Aim of the exercise ▸ With pictures excluded, output exactly the lines that run from the first line of the data below through the line containing "1953年福建仙游,一个孩子".

[Listed records Boundary: Start]

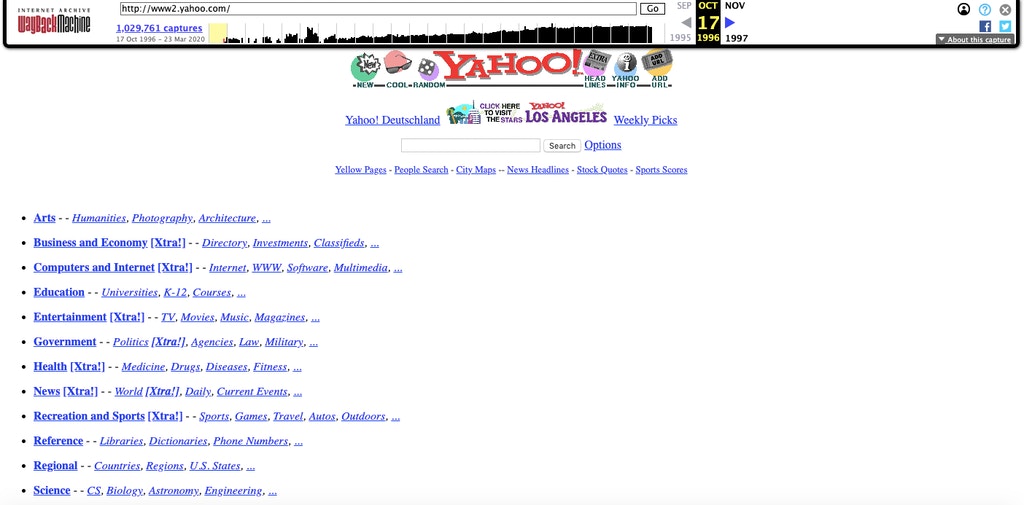 In the early 90s, just as the Internet was being adopted by home users, a site called Jerry’s Guide to the World Wide Web was created. The brainchild of Stanford graduates, Jerry Yang and David Filo, this site would go on to become Yahoo in April 1994. As you can see from the image below, Yahoo was initially a database of websites that was organised through a hierarchical system rather than a searchable index of pages.
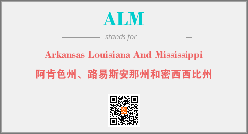 上述内容是“Arkansas Louisiana And Mississippi”作为“ALM”的缩写,解释为“阿肯色州、路易斯安那州和密西西比州”时的信息,以及英文缩略词ALM所代表的英文单词,其对应的中文拼音、详细解释以及在英文中的流行度和相关分类、应用领域及应用示例等。
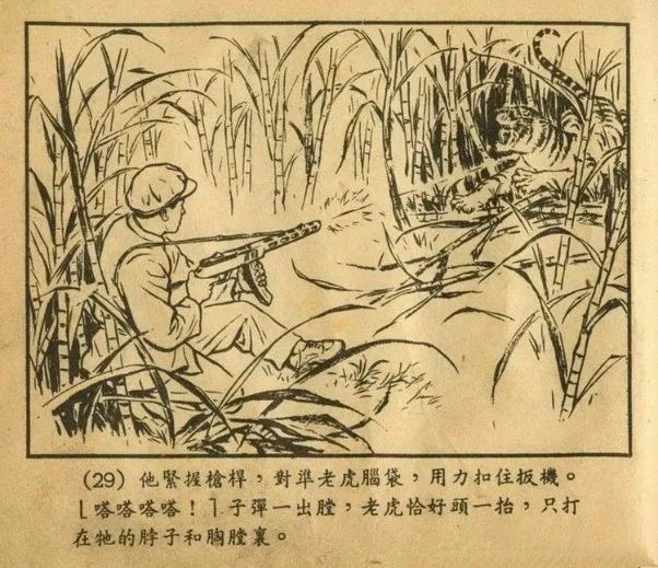 1953年福建仙游,一个孩子在甘蔗地里遭老虎袭击,闻讯赶来的解放军战士李富来,手持波波莎冲锋枪进入甘蔗地追杀两头老虎。
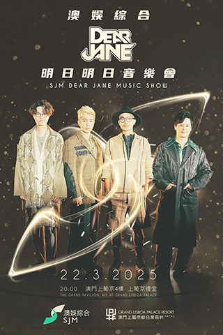 澳娛綜合度假股份有限公司(「澳娛綜合」)將於3月22日在澳門上葡京綜合度假村的上葡京禮堂舉辦「澳娛綜合Dear Jane 明日明日音樂會」。適逢香港人氣搖滾樂隊Dear Jane成軍二十周年,屆時他們將貫徹獨特的流行搖滾風格,演繹一系列耳熟能詳的經典歌曲,為樂迷帶來震撼人心與充滿能量的難忘音樂盛典。
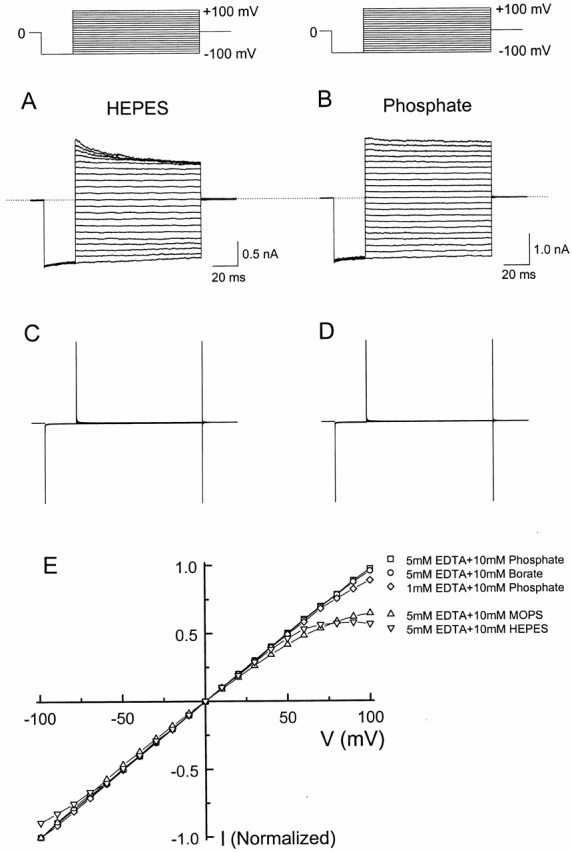 Figure 1. Current–voltage relationship of the IRK1 channel in the presence of various pH buffers. (A and B) Current traces recorded from inside-out patches at membrane voltages between −100 and +100 mV in 10-mV increments, corrected for the background currents shown in C and D, respectively. Both intracellular and extracellular solutions contain either HEPES (A) or phosphate (B). The dashed lines identify the zero-current levels. (E) Normalized steady state I-V curves with intracellular solutions containing (mM): 10 phosphate and 5 EDTA (□), 10 borate and 5 EDTA (○), 10 phosphate and 1 EDTA (⋄), 10 MOPS and 5 EDTA (▵), and 10 HEPES and 5 EDTA (▿). In each case, the extracellular pH buffer was the same as in the intracellular solution. |

[Listed records Boundary: End]

Result of the exercise ▸
 In the early 90s, just as the Internet was being adopted by home users, a site called Jerry’s Guide to the World Wide Web was created. The brainchild of Stanford graduates, Jerry Yang and David Filo, this site would go on to become Yahoo in April 1994. As you can see from the image below, Yahoo was initially a database of websites that was organised through a hierarchical system rather than a searchable index of pages.
 上述内容是“Arkansas Louisiana And Mississippi”作为“ALM”的缩写,解释为“阿肯色州、路易斯安那州和密西西比州”时的信息,以及英文缩略词ALM所代表的英文单词,其对应的中文拼音、详细解释以及在英文中的流行度和相关分类、应用领域及应用示例等。
 1953年福建仙游,一个孩子在甘蔗地里遭老虎袭击,闻讯赶来的解放军战士李富来,手持波波莎冲锋枪进入甘蔗地追杀两头老虎。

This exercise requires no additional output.